The next thing I remember is a load of people gate crashing the party. I work in TV for quite a big broadcaster and after a while I realised the gate crashers were actually radio journalists from the building next to ours. I recognised one of them – let’s call him J – as we worked together several years ago. I knew he liked me because he’d told me so on many other drunken occasions in my early twenties. He’s alright looking but unfortunately he’s really boring and has an ego the size of the planet. Oh, and he thinks he’s God’s gift to women.

Anyway, all of sudden I think it’s a great idea to dance with him, in front of everyone.
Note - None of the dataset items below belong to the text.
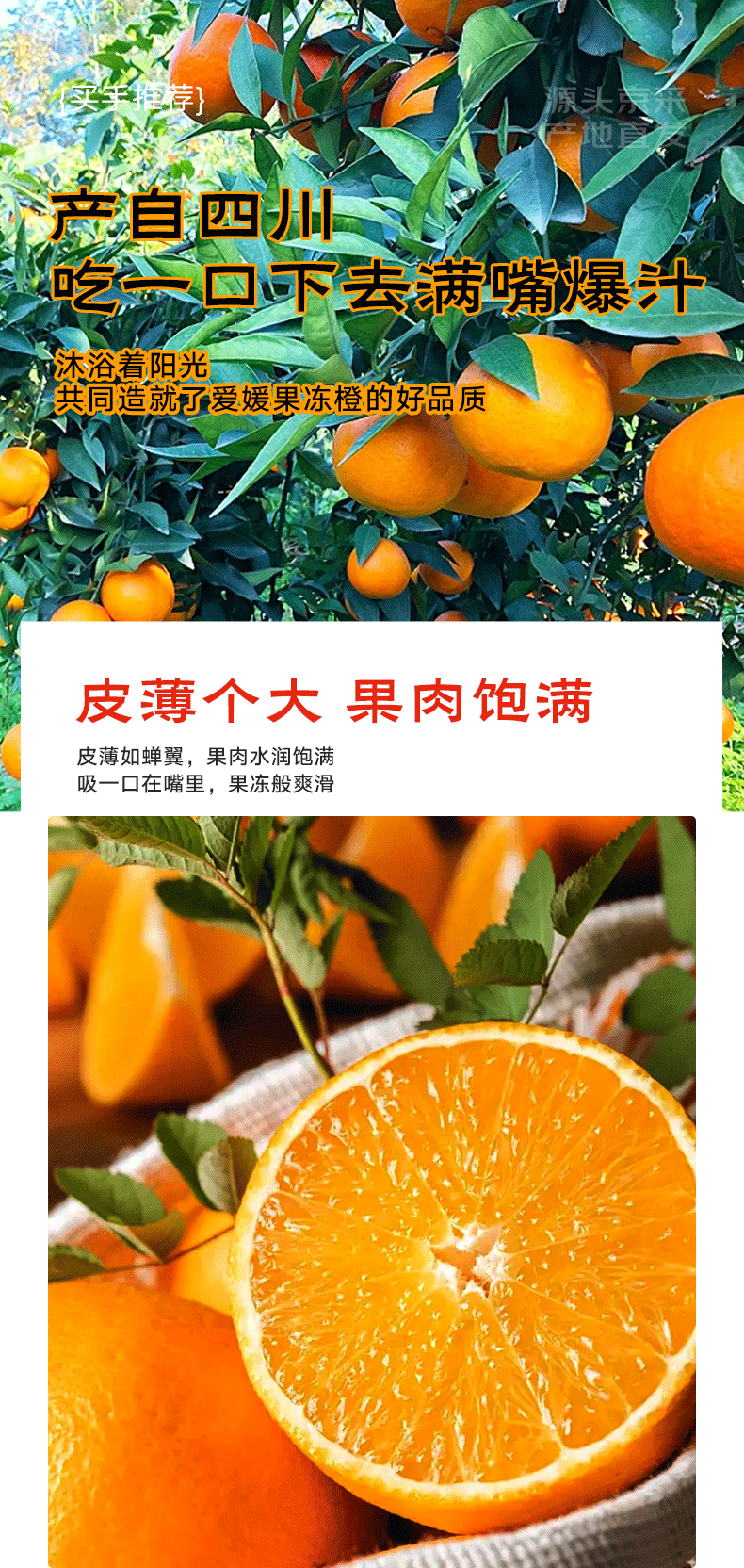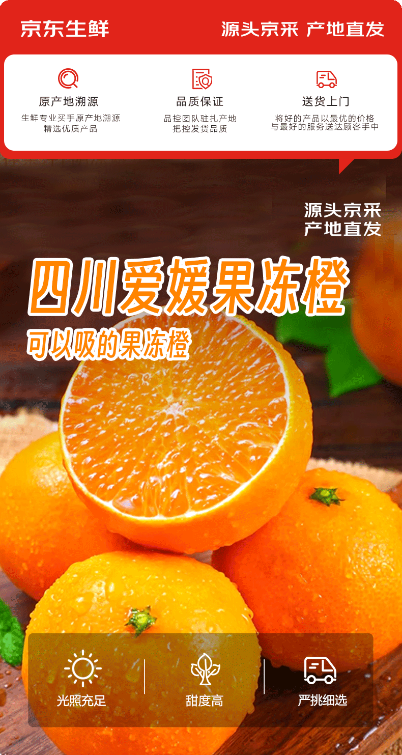 京鲜生 四川爱媛果冻橙 净重4.5-5斤 单果140g+ 生鲜水果 源头直发包邮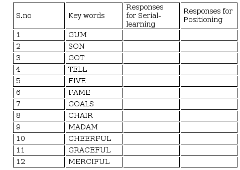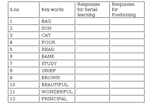 Materials used in this experiment are a list of 24 simple words that people use in everyday life. The 24 set of words were divided into two different sets with 12 in each set. The apparatus was designed by the experimenter.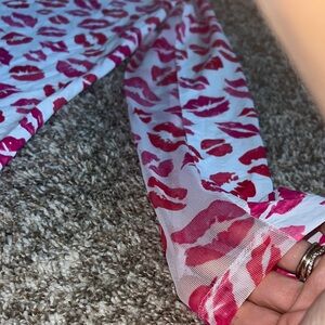 White jacket with hot pink and coral red lips!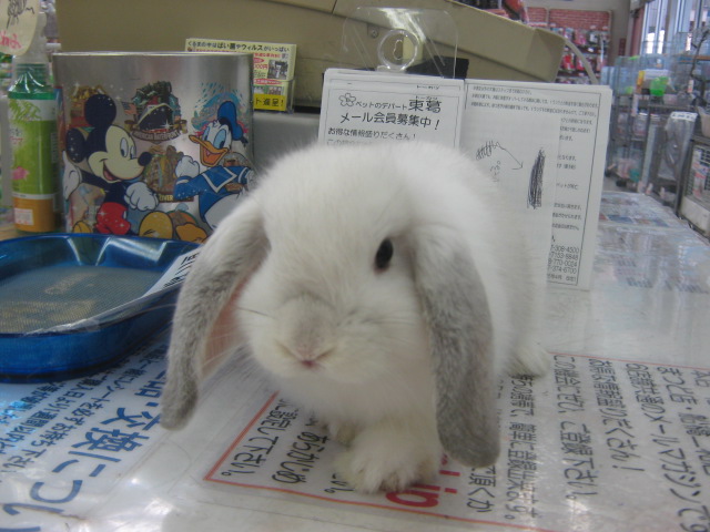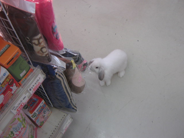こんにちは!そしてはじめまして 流山店ブログで度々名前だけ登場していました、鳥小動物担当のKYOさんです! 今までブログにはノータッチでしたが、本日より僕も更新に参加させていただきますね。 初のブログで少々緊張していますが、これからよろしくおねがいします♪ さて、はじめましてでいきなり商品紹介というのもなんなので、今日は僕のお気に入りラビットを紹介します! ものすごく可愛いですよ~ ? !? まだまだ小さいロップイヤーの女の子、白玉ガールです♪ なでなで大好き~ 店内に入ってすぐ目の前のケージにいますが、とってもよく馴れてくれているので、たまに店内に放して一緒に遊んでいます 色んなものに興味を示しますねぇ そんな白玉ガールはH26.6月生まれの女の子です お店に来た時はなでてあげると喜びますよ♪ 初めてでしたが、ブログを書くのも面白いですね♪ みなさんにお伝えしたいことはたくさんあるので、これからも頻繁に更新していきますね! ここまで読んでいただき、ありがとうございました これからもよろしくおねがいします

Suddenly we’re dancing really close and I’m aware people are watching. But I don’t care because wine is running through my veins and I’m so sexy, right? We start kissing, proper full on cringey snogging, just metres away from my colleagues, bosses, editors, my line manager and just about anyone that matters. Someone takes a photo and threatens to put in on Facebook.

After a while, the people J arrived with announce they’re going. He suggests we go too. Can he walk me back to my flat? Through the drunken haze I think: yes, that is probably a good idea. It’s freezing cold and all the way home J keeps saying “Wow, this is a nice surprise!” By the time we get to mine I’ve started to sober up, but when he asks if he can come in I still say yes. After more kissing and god knows what else, I realise that having sex with J is going to be a very bad idea. I tell him this and he thinks I’m joking. It takes ages to convince him that yes, I do actually want him to get dressed and walk home in the cold at 2am. Eventually he gets the message and leaves, thank goodness.
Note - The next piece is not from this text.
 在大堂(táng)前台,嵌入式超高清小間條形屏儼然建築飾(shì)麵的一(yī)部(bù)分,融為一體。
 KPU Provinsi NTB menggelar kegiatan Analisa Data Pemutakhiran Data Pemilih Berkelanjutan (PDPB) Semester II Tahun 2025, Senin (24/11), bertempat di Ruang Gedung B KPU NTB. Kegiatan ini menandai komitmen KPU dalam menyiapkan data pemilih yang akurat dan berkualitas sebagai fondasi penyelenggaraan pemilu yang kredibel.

It took months for people to stop teasing me about The Christmas Party Incident and much longer for me to be able to look my boss in the eye. Journalists have a reputation for being heavy drinkers but it’s a bit of an old cliché now. No one I work with has long boozy lunches or ‘meetings’ with contacts in the pub. So my behaviour stood out and although I laughed off all the banter and jokes, privately I was mortified at being so out of control. I knew I drank too much when home alone, but this time I’d done it in public.

This year’s work Christmas party is going to be different, because a) I don’t drink anymore and b) I’m not going. It clashes with something else and to be honest I’m pleased to get out of it. As it happens, quite a few people can’t make it this year so a group of us have organised something else, a kind of alternative Christmas party night out.

It’s in a few days time and I’m looking forward to it but I also feel nervous too. I’ve been a bit of a hermit recently as sometimes going out just feels like hard work. We’re all meeting at someone’s house first, where I’m sure I’ll be offered a drink. So straightaway it’ll be hard to get a soft drink discretely. I think most people know I haven’t been drinking recently but they might be surprised that I’m still not drinking. They always seem to think it’s just a temporary thing, but maybe that’s my fault for letting them think that in the first place.

Anyway, I’ve bought a new dress and I’m getting my hair cut that day, so hopefully I will feel good and look great… and have a fun, SOBER night out.